## Source material
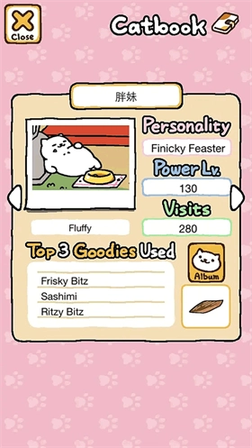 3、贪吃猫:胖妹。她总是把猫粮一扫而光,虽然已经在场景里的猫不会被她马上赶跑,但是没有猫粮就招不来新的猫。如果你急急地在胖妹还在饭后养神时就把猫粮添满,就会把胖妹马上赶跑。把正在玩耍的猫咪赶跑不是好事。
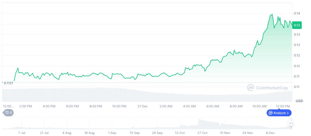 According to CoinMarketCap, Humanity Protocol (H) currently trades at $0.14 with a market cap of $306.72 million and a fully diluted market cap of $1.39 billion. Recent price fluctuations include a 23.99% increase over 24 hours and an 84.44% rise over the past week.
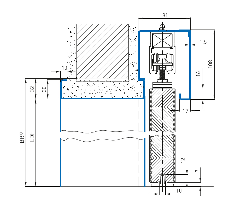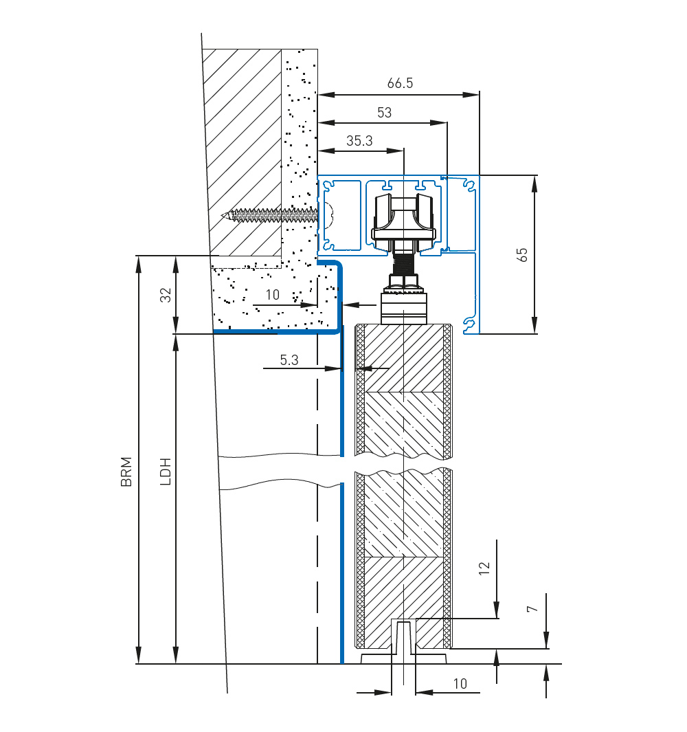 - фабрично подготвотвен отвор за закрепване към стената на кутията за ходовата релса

==

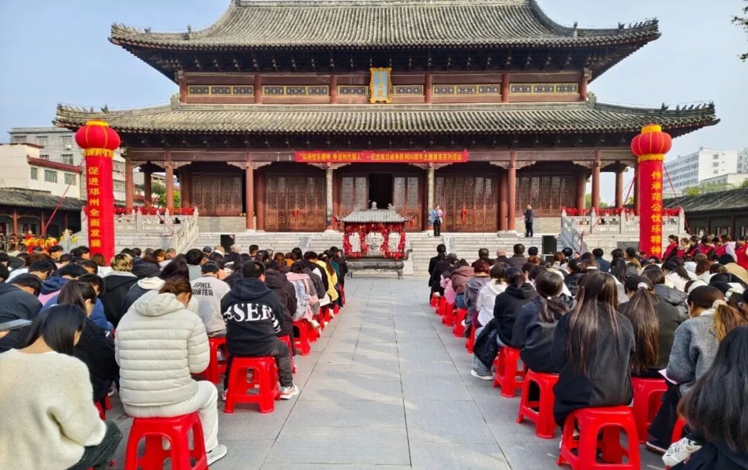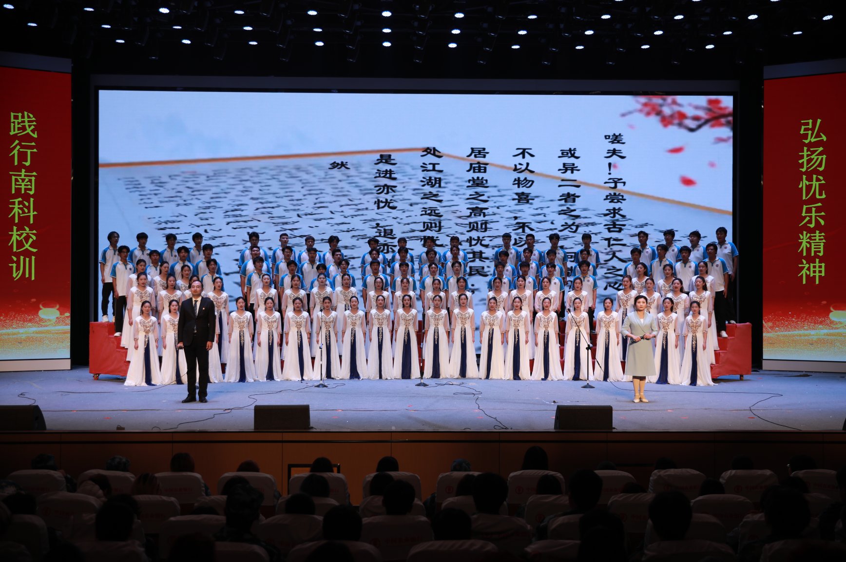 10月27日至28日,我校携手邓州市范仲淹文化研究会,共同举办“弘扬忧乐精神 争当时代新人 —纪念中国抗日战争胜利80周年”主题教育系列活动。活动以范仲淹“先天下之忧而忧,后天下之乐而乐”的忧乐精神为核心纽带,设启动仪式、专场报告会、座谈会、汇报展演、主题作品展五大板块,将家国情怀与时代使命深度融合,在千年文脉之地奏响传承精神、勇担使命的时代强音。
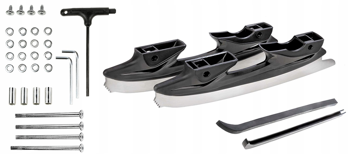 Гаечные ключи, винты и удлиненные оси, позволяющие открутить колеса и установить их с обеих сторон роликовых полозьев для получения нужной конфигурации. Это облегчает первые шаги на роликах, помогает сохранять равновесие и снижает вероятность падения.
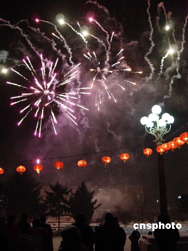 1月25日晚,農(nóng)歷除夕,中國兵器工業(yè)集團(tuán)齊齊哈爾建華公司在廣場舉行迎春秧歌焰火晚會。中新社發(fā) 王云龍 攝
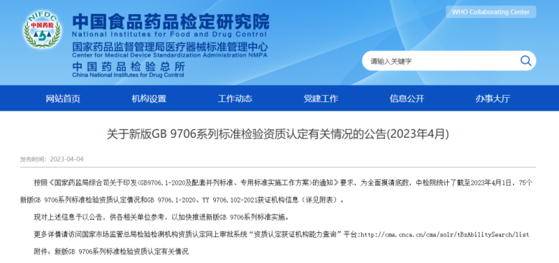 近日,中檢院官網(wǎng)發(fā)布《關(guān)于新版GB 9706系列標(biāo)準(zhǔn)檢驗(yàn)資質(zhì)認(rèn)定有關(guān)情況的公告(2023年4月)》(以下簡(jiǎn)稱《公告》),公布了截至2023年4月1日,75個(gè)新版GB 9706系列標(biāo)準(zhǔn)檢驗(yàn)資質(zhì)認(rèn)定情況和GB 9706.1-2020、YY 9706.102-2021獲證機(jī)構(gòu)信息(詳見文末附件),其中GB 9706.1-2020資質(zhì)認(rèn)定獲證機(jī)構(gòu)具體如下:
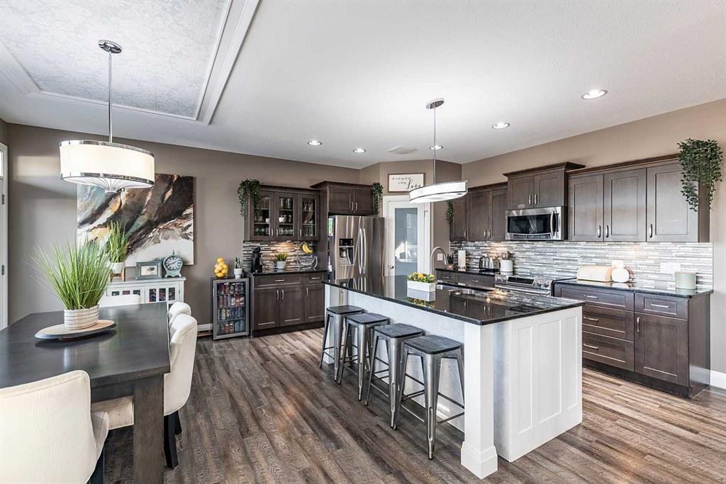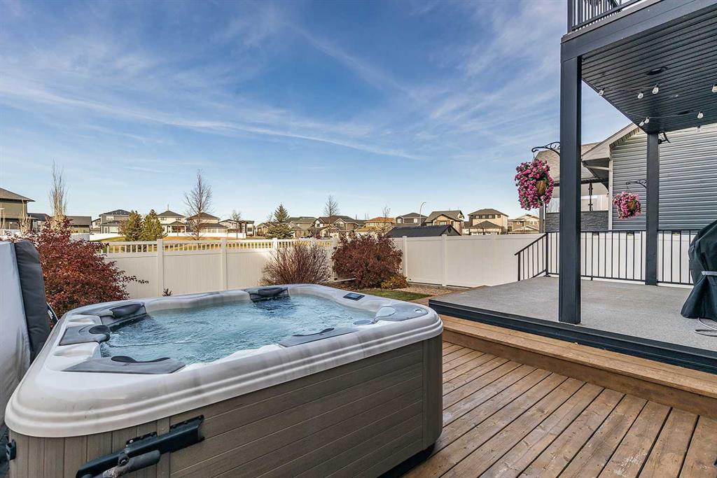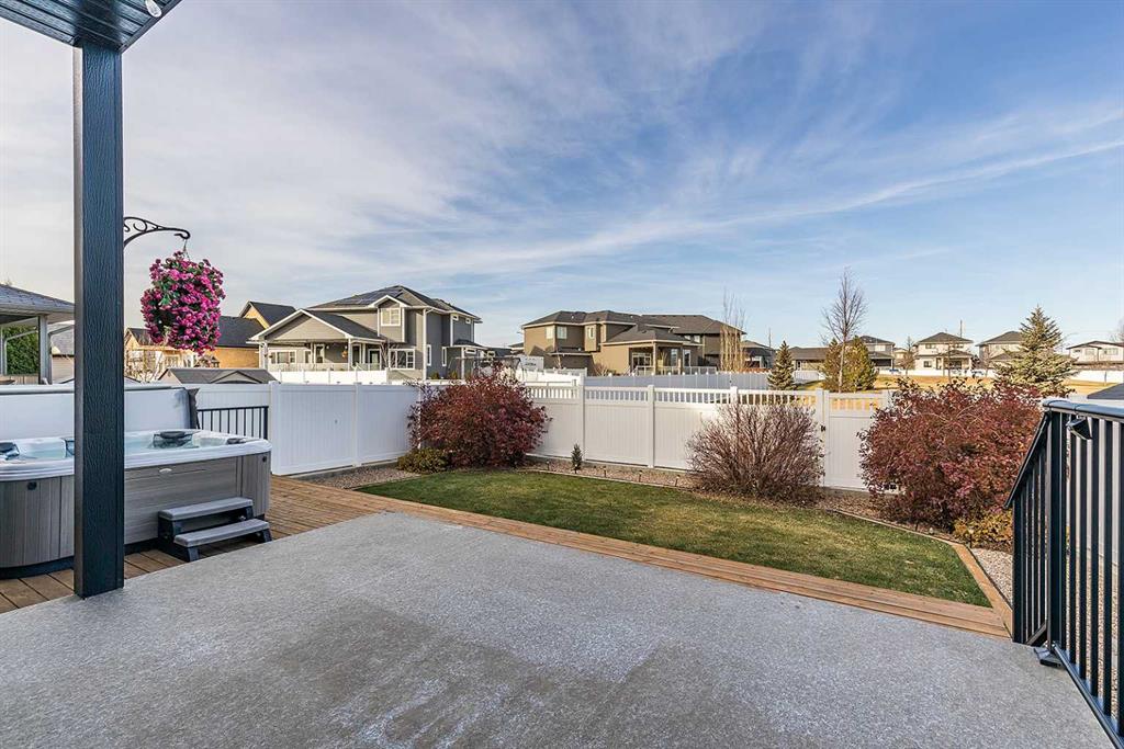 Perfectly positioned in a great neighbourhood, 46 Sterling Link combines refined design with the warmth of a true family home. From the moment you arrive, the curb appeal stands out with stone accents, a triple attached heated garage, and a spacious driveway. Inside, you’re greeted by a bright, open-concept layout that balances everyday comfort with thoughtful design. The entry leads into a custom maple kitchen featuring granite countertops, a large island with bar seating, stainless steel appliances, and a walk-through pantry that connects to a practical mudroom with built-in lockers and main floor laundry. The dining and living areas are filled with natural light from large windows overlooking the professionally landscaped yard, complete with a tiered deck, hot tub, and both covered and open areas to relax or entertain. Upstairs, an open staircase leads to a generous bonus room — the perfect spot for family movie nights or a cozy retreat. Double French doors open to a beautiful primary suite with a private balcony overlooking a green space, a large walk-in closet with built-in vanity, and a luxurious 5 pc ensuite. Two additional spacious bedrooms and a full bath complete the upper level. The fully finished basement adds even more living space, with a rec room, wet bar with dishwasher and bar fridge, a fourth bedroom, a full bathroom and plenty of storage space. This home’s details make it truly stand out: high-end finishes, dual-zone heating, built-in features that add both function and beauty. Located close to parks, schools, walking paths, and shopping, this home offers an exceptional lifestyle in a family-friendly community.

==

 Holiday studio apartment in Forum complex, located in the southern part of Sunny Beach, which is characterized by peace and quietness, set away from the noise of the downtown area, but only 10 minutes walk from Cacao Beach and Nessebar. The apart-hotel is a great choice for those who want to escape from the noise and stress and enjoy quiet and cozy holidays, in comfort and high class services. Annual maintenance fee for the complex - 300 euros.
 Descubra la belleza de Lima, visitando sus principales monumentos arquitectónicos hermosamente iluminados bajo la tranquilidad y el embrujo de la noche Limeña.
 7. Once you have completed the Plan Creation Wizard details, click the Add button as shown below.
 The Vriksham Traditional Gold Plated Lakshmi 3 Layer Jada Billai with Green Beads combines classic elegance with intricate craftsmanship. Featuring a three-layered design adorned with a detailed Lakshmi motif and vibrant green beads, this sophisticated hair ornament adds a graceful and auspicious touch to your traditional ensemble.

## Problem to work on
Would you output the lines above from the line holding "3、贪吃猫:胖妹。她总是把猫" up to and including the line holding "- фабрично подготвотвен", exactly and only those, with no pictures?

## Solution for this exercise
 3、贪吃猫:胖妹。她总是把猫粮一扫而光,虽然已经在场景里的猫不会被她马上赶跑,但是没有猫粮就招不来新的猫。如果你急急地在胖妹还在饭后养神时就把猫粮添满,就会把胖妹马上赶跑。把正在玩耍的猫咪赶跑不是好事。
 According to CoinMarketCap, Humanity Protocol (H) currently trades at $0.14 with a market cap of $306.72 million and a fully diluted market cap of $1.39 billion. Recent price fluctuations include a 23.99% increase over 24 hours and an 84.44% rise over the past week.
 - фабрично подготвотвен отвор за закрепване към стената на кутията за ходовата релса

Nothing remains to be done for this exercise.